Solar Engineering P2 Reference 4 min read Reviewed June 4, 2026

Backtracking

Backtracking is solar tracker control logic that rotates against the sun at low angles to prevent inter-row shading. 3–5% annual energy recovery.

Definition

Backtracking is the control algorithm in single-axis solar trackers that rotates modules against the sun's direction during early morning and late afternoon, preventing one row from shading the adjacent row at low solar angles. Recovers 3–5% annual energy.

Backtracking Mechanics

At low sun angles (early morning, late afternoon):

  1. Naive tracking aims modules toward the sun → casts shadow on next row.
  2. Backtracking rotates modules slightly off-sun → no inter-row shadow.
  3. Module receives less direct beam but avoids self-shading loss.
  4. Net positive recovery: 3–5% annual.

Sun-Angle Threshold

Backtracking activates when:

sun_elevation < arctan(module_chord / row_pitch_horizontal)

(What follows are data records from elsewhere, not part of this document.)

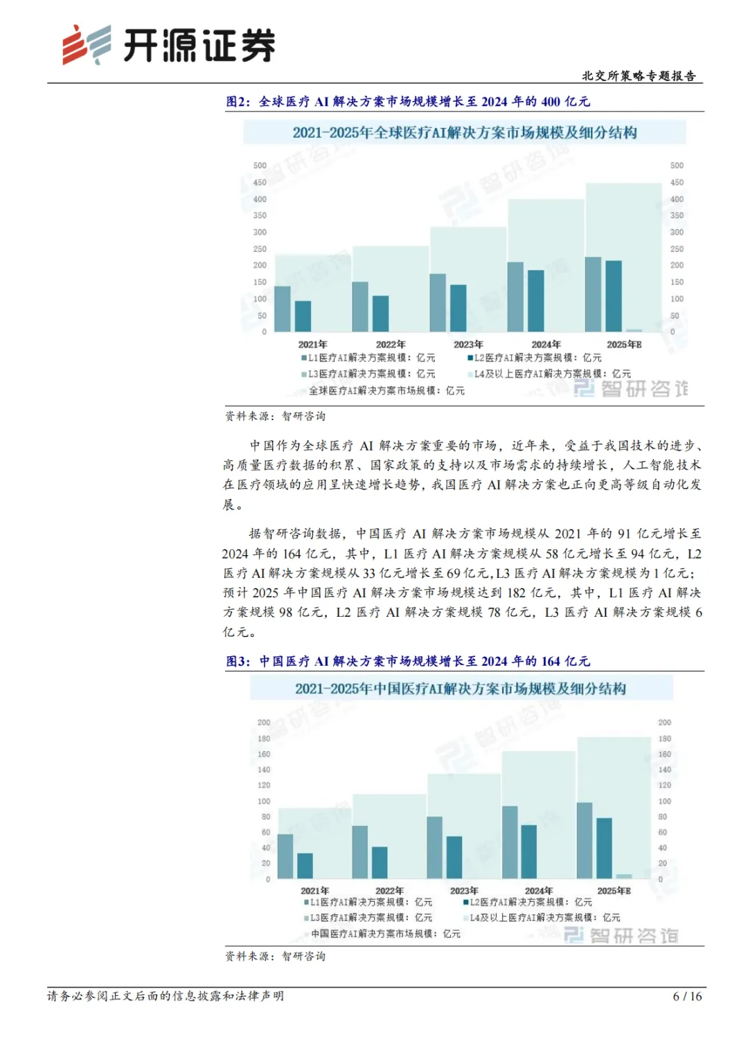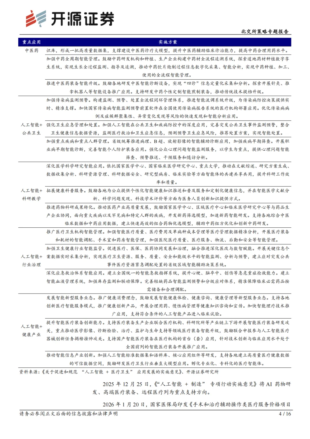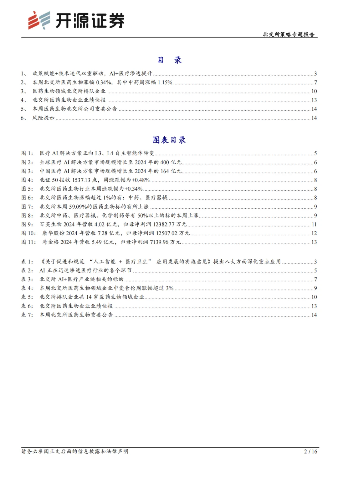 随着生成式大模型等 AI 技术的迭代,AI+医疗已全面渗透医疗产业各环节。AI医疗是依托机器学习、自然语言处理、计算机视觉等技术,深度分析复杂医疗数据,辅助临床决策、优化诊疗流程、提升医疗效率的智能化应用体系,核心价值在于提升医疗服务质量、增强可及性并降低成本。政策层面形成完善顶层设计,2025 年 10 月五部门联合发布相关实施意见,明确 2027 年建成高质量医疗数据集与专病垂直大模型、广泛应用基层诊疗智能辅助等目标,2030 年实现基层 AI辅助全覆盖、二级以上医院普遍应用 AI 影像与临床决策辅助,并确定八大应用重点方向。同年 12 月,相关专项行动将 AI 药物研发等列为重点支持领域;2026年 1 月,国家医保局将 37 项高频 AI 医疗相关辅助操作纳入全国统一价格目录,打通商业化关键环节。目前,AI 已渗透影像诊断、药物研发等多环节,通用大模型与医疗知识库的融合,推动医疗 AI 解决方案从辅助洞察向自主智能体升级。据智研咨询数据,全球医疗 AI 解决方案市场规模 2024 年达 400 亿元,预计 2025年增至 449 亿元;中国市场 2024 年达 164 亿元,预计 2025 年达 182 亿元,受益于技术进步、数据积累与政策支持,正向着更高等级自动化快速发展。北交所AI +医疗相关标的:丹娜生物、倍益康、锦好医疗、数字人、鹿得医疗、新赣江、新芝生物、辰光医疗、博迅生物。
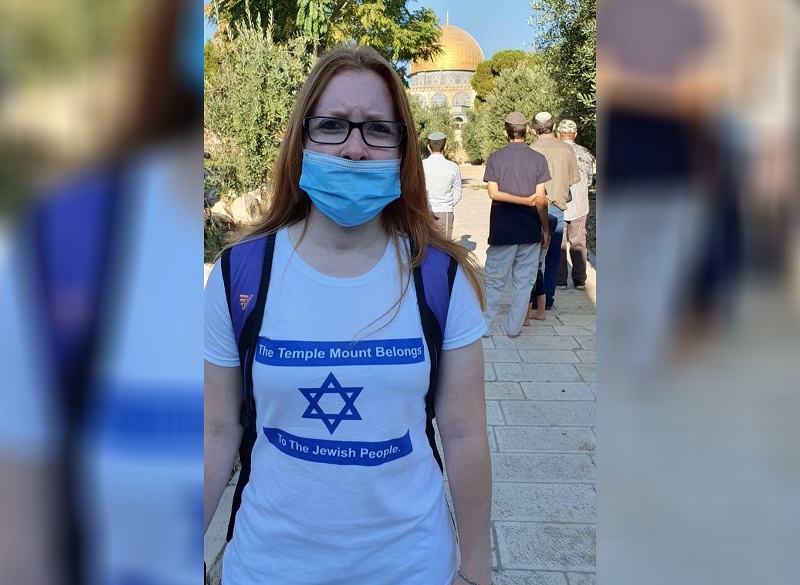 وخلال الاقتحام، ارتدت متطرفة مما تسمى "جماعة طلاب لأجل الهيكل" علم الاحتلال، وتجولت في باحات الأقصى، وهي تردد عبارات "الهيكل" وتزعم أن "الأقصى ملك لشعب إسرائيل".
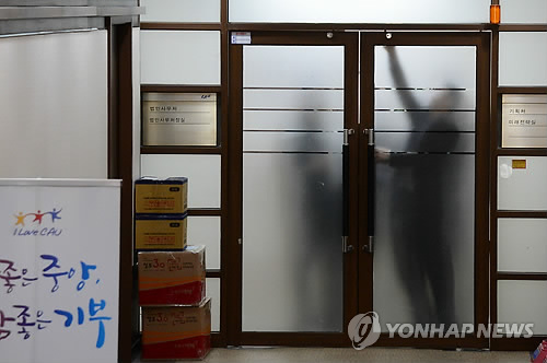 | △ 검찰, 중앙대학교 압수수색 (서울=연합뉴스) 김주성 기자 = 이명박 정부 시절 청와대 교육문화수석을 지낸 박범훈 전 중앙대 총장의 비리 혐의를 수사 중인 검찰이 27일 오전 서울 흑석동 중앙대학교를 압수수색했다. 학교 관계자들이 압수수색이 진행 중인 기획처, 법인사무처, 미래전략실 등이 있는 사무실 문을 잠그고 있다. 2015.3.27 utzza@yna.co.kr |
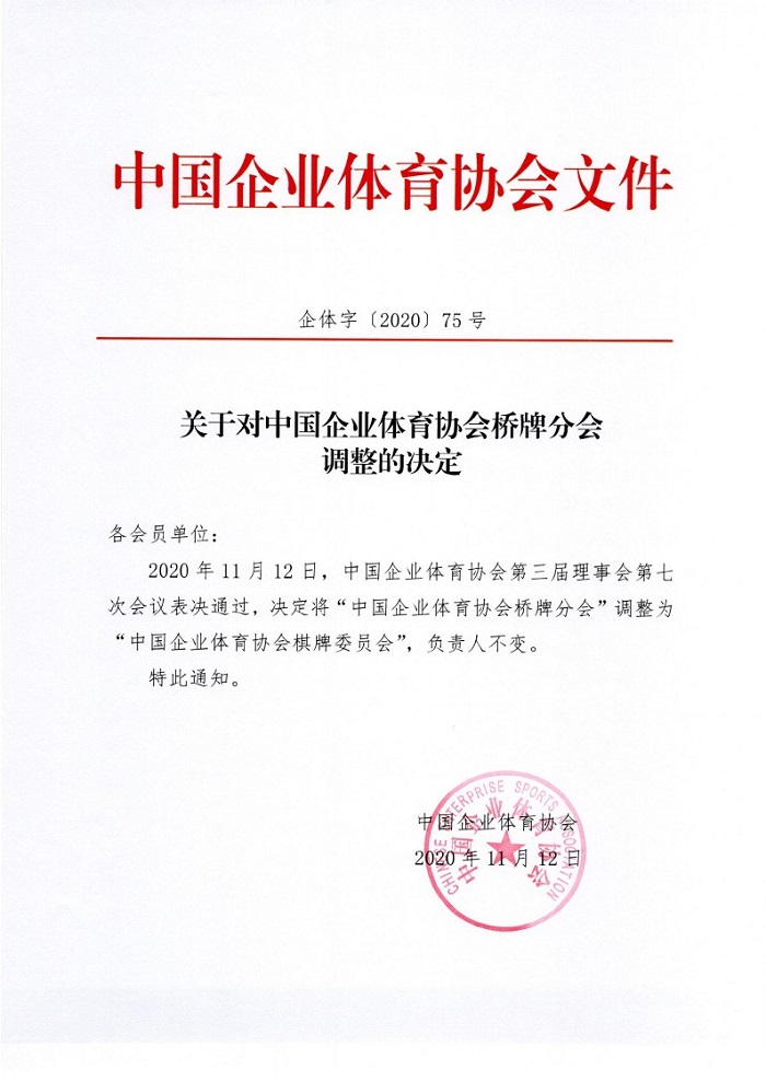 關(guān)于對(duì)中國(guó)企業(yè)體育協(xié)會(huì)橋牌分會(huì)進(jìn)行調(diào)整的決定

Below this angle, naive tracking would cast row-to-row shadows.

Implementation

  • Controller computes solar position from time + GPS.
  • Knows row geometry (chord length, pitch, ground slope).
  • Computes optimal tilt: maximum tracking until shadow onset, then backtrack.
  • Smooth transition between modes.

Validation

Field commissioning should verify:

  • Tracker angle vs. sun position log.
  • Energy production matches simulation.
  • Visual check at sunrise/sunset: no row-to-row shadows.

Key Takeaways

  • Backtracking rotates trackers off-sun at low angles to avoid inter-row self-shading.
  • Recovers 3–5% annual energy on typical utility-scale tracker plants.
  • All modern utility trackers include backtracking; budget trackers may not.
  • Calibrated against row geometry and terrain.
  • Validation during commissioning is critical.

Frequently Asked Questions

5 commonly searched questions about Backtracking.

What is backtracking?
Tracker control logic that rotates modules off-sun at low angles to prevent self-shading between adjacent rows. Without backtracking, front rows shade back rows at sunrise and sunset.
How much energy does backtracking recover?
3–5% annual on a typical horizontal single-axis tracker plant. Higher recovery for tighter GCR or higher-latitude sites.
Do all trackers backtrack?
Modern utility-scale trackers (NEXTracker, Array Technologies, Soltec, Trina) all include backtracking. Old or budget trackers may not.
How is backtracking calibrated?
Controller computes solar position + row geometry continuously. Switches between maximum sun tracking and backtracking when sun angle below the threshold determined by row pitch and module chord length.
Can backtracking be mis-tuned?
Yes. Wrong row-pitch input or incorrect terrain slope can cause sub-optimal backtracking. Commissioning audits validate field behavior against expected.